Collected data

*** Begin section ***

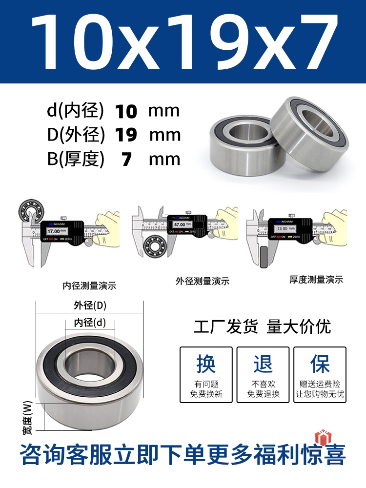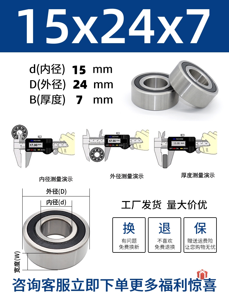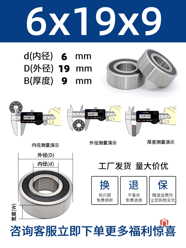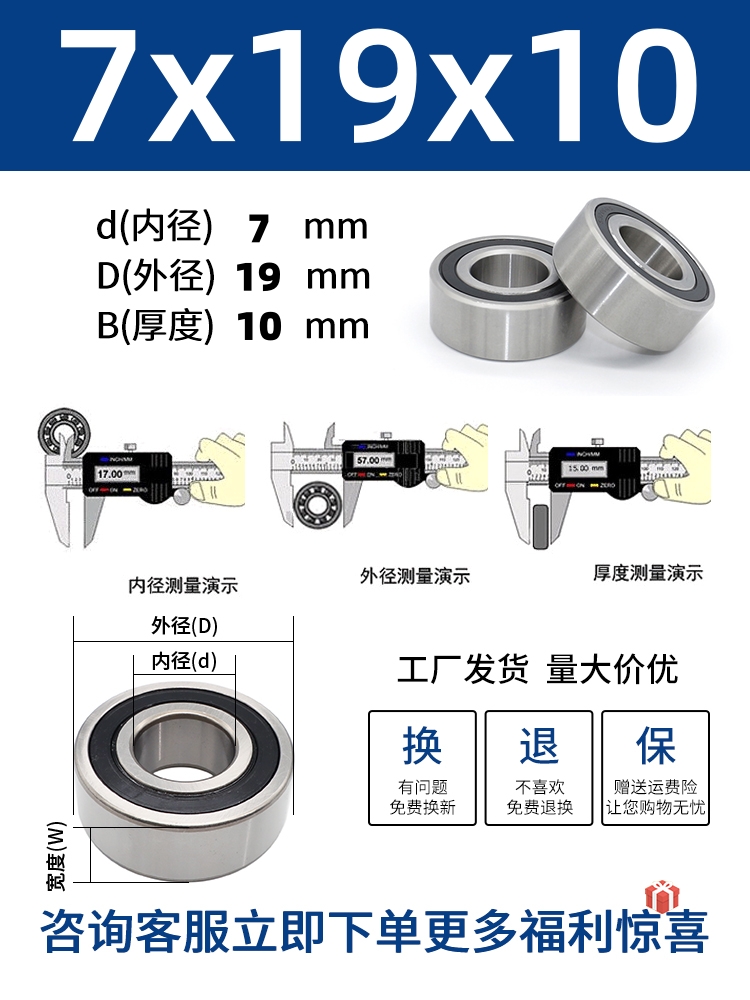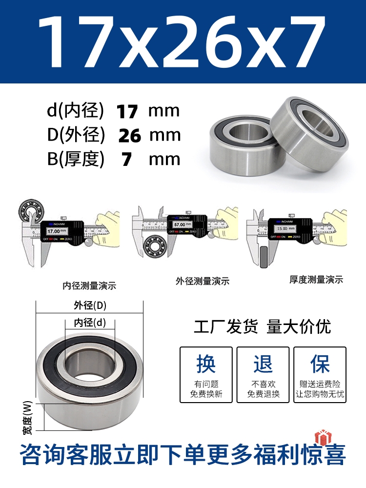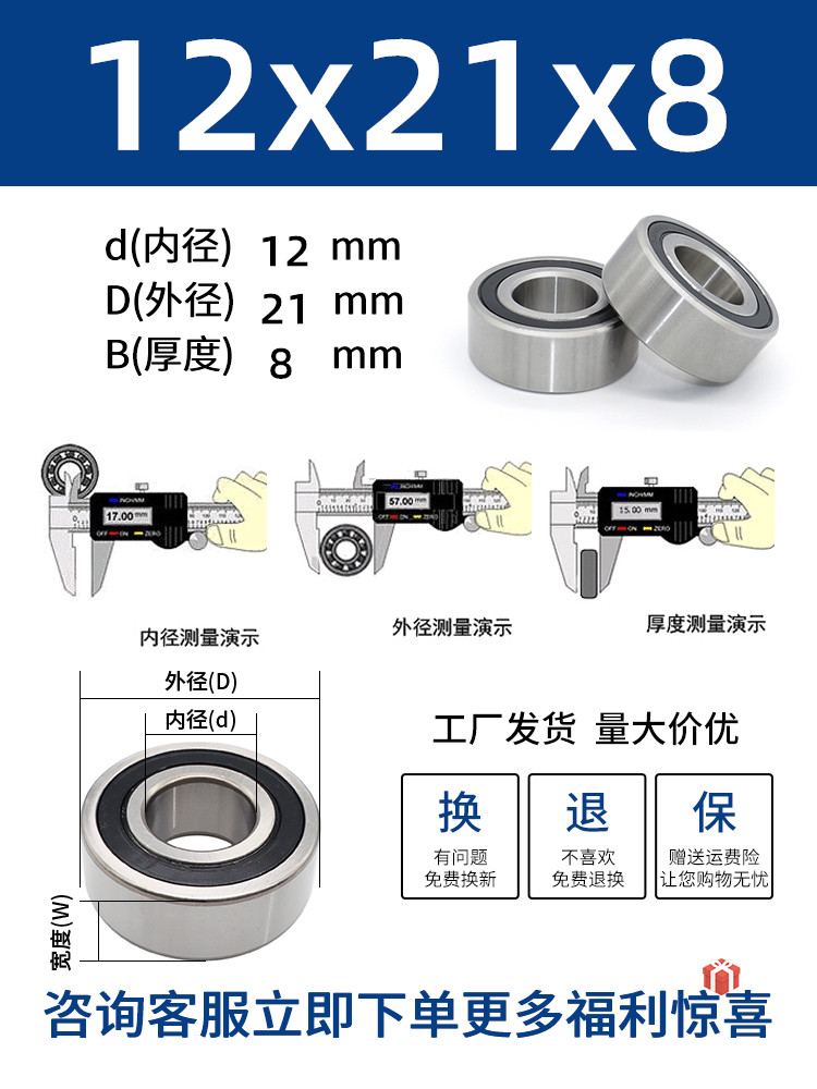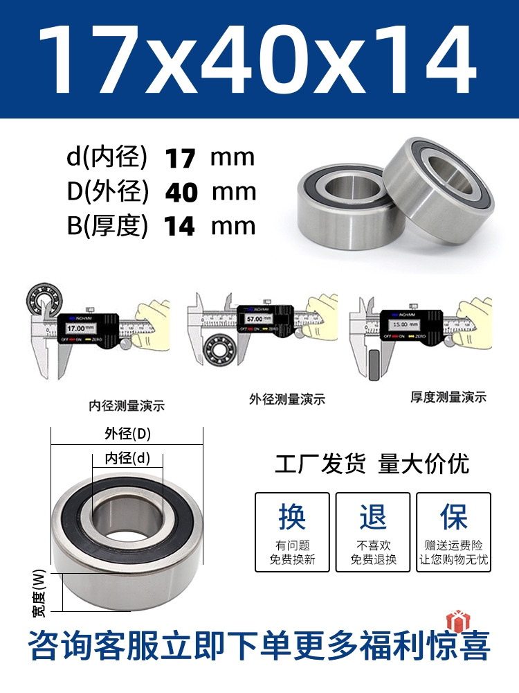 두꺼운 베어링 이중 열 볼 베어링 넓어진 베어링 내부 직경 5 8 10 15 17 20 25 30 40-80스토어 가기
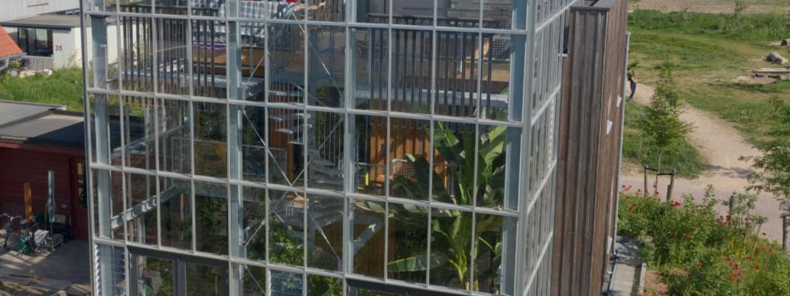 Onze kaswoning bestaat uit 2 delen: een woongedeelte van massief hout (CLT, oftewel kruislings verlijmd vurenhout) en daartegenaan en deels eroverheen een kas met gelaagd enkel glas als overdekte buitenruimte. Op deze manier wordt het houten huis deels beschermd tegen regen en wind, en hebben we een mooie lichte leefruimte voor onszelf en onze planten.
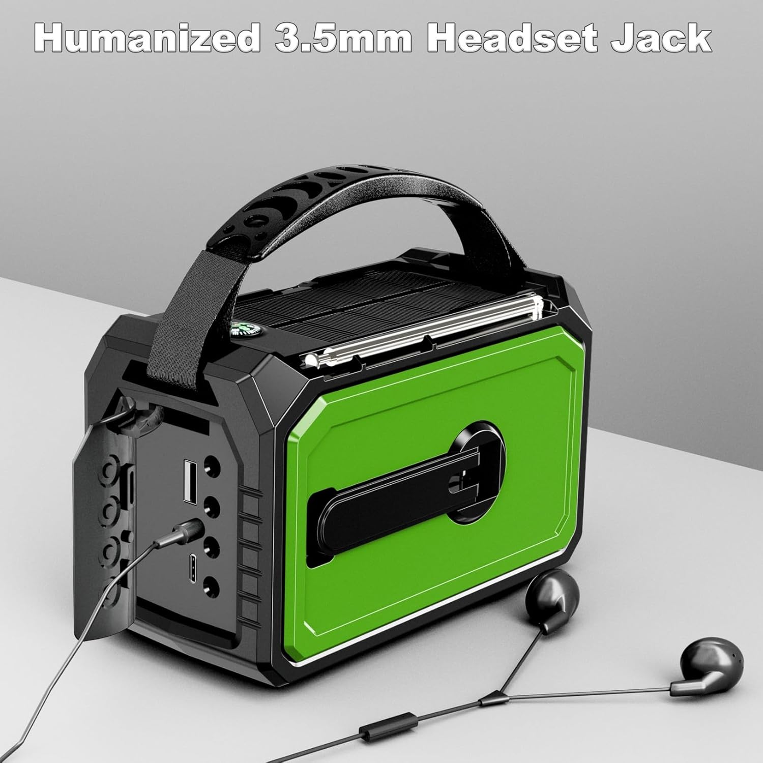 ULTIMATE SURVIVAL COMPANION WITH 6-IN-1 TOOLS Your Emergency Command Center! More than just a radio, it’s a complete survival kit. It integrates a super-bright flashlight, a reading lamp, a loud dual-mode SOS alarm, a precise compass, a headphone jack for private listening, and a durable design. Built for the toughest conditions, it’s the ultimate gadget for outdoor enthusiasts and emergency preparedness.
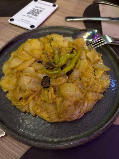 Estábamos ubicados en la terraza, congelada claro… porque encender los calentadores 15 min antes no es posible (eran las 15.00h!! Y con reserva). Hasta que terminamos los primeros con abrigos y frío. Y por cierto un PESTAZO A TABACO PORNOTROS COMENSALES FUMANDO EN EL RECINTO…impresionante… como sabrán la normativa PROHIBE permitir fumar en terrazas CERRADAS. Pues nada, comiendo con humo de tabaco y con frío… fabuloso. Las bravas ricas pero de bravas nada. No pican ni por asomo. La tortilla fría, insípida y muy cuajada. Las alitas saam absolutamente terribles, ni sabor, ni aroma ni NADA. Hacía tiempo que algo me parece MALO…. una alita sobrecocida y rebozada insípida y hasta desagradable. El sweet chili se debió evaporar por el camino. 20 min espera y llega el salmón: aburrido sobrecocido, el escalope:suela de zapato y el steak tartar también absolutamente insípido, sin nada picante, sin sal, pffff al menos la carne olía bien y no ha pasada.
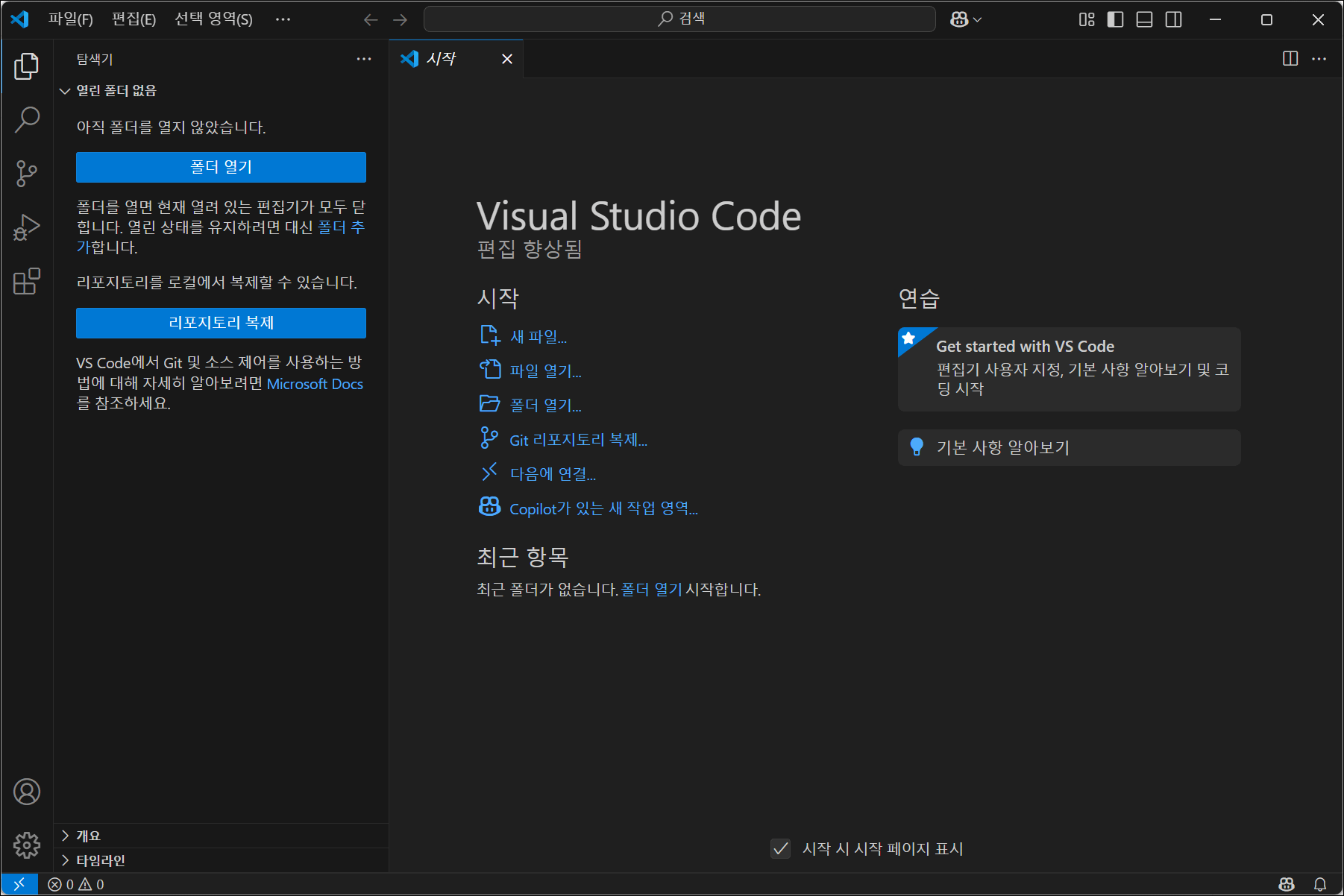 - 다시 실행된 VSCode 화면이 한글로 표시되면 성공입니다.
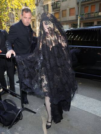 La città di Milano ha accolto con tutti gli onori anche Madonna, invitata da Dolce & Gabbana per assistere a una sfilata che si è svolta al Metropol, teatro della presentazione di una collezione influenzata dal suo stile leggendario. Eccola, vestita di nero, col volto coperto da un velo di pizzo e con la corona sul capo

*** End section ***

Aim of the exercise:
Repeat the records exactly, without the pictures.

Solution:
 두꺼운 베어링 이중 열 볼 베어링 넓어진 베어링 내부 직경 5 8 10 15 17 20 25 30 40-80스토어 가기
 Onze kaswoning bestaat uit 2 delen: een woongedeelte van massief hout (CLT, oftewel kruislings verlijmd vurenhout) en daartegenaan en deels eroverheen een kas met gelaagd enkel glas als overdekte buitenruimte. Op deze manier wordt het houten huis deels beschermd tegen regen en wind, en hebben we een mooie lichte leefruimte voor onszelf en onze planten.
 ULTIMATE SURVIVAL COMPANION WITH 6-IN-1 TOOLS Your Emergency Command Center! More than just a radio, it’s a complete survival kit. It integrates a super-bright flashlight, a reading lamp, a loud dual-mode SOS alarm, a precise compass, a headphone jack for private listening, and a durable design. Built for the toughest conditions, it’s the ultimate gadget for outdoor enthusiasts and emergency preparedness.
 Estábamos ubicados en la terraza, congelada claro… porque encender los calentadores 15 min antes no es posible (eran las 15.00h!! Y con reserva). Hasta que terminamos los primeros con abrigos y frío. Y por cierto un PESTAZO A TABACO PORNOTROS COMENSALES FUMANDO EN EL RECINTO…impresionante… como sabrán la normativa PROHIBE permitir fumar en terrazas CERRADAS. Pues nada, comiendo con humo de tabaco y con frío… fabuloso. Las bravas ricas pero de bravas nada. No pican ni por asomo. La tortilla fría, insípida y muy cuajada. Las alitas saam absolutamente terribles, ni sabor, ni aroma ni NADA. Hacía tiempo que algo me parece MALO…. una alita sobrecocida y rebozada insípida y hasta desagradable. El sweet chili se debió evaporar por el camino. 20 min espera y llega el salmón: aburrido sobrecocido, el escalope:suela de zapato y el steak tartar también absolutamente insípido, sin nada picante, sin sal, pffff al menos la carne olía bien y no ha pasada.
 - 다시 실행된 VSCode 화면이 한글로 표시되면 성공입니다.
 La città di Milano ha accolto con tutti gli onori anche Madonna, invitata da Dolce & Gabbana per assistere a una sfilata che si è svolta al Metropol, teatro della presentazione di una collezione influenzata dal suo stile leggendario. Eccola, vestita di nero, col volto coperto da un velo di pizzo e con la corona sul capo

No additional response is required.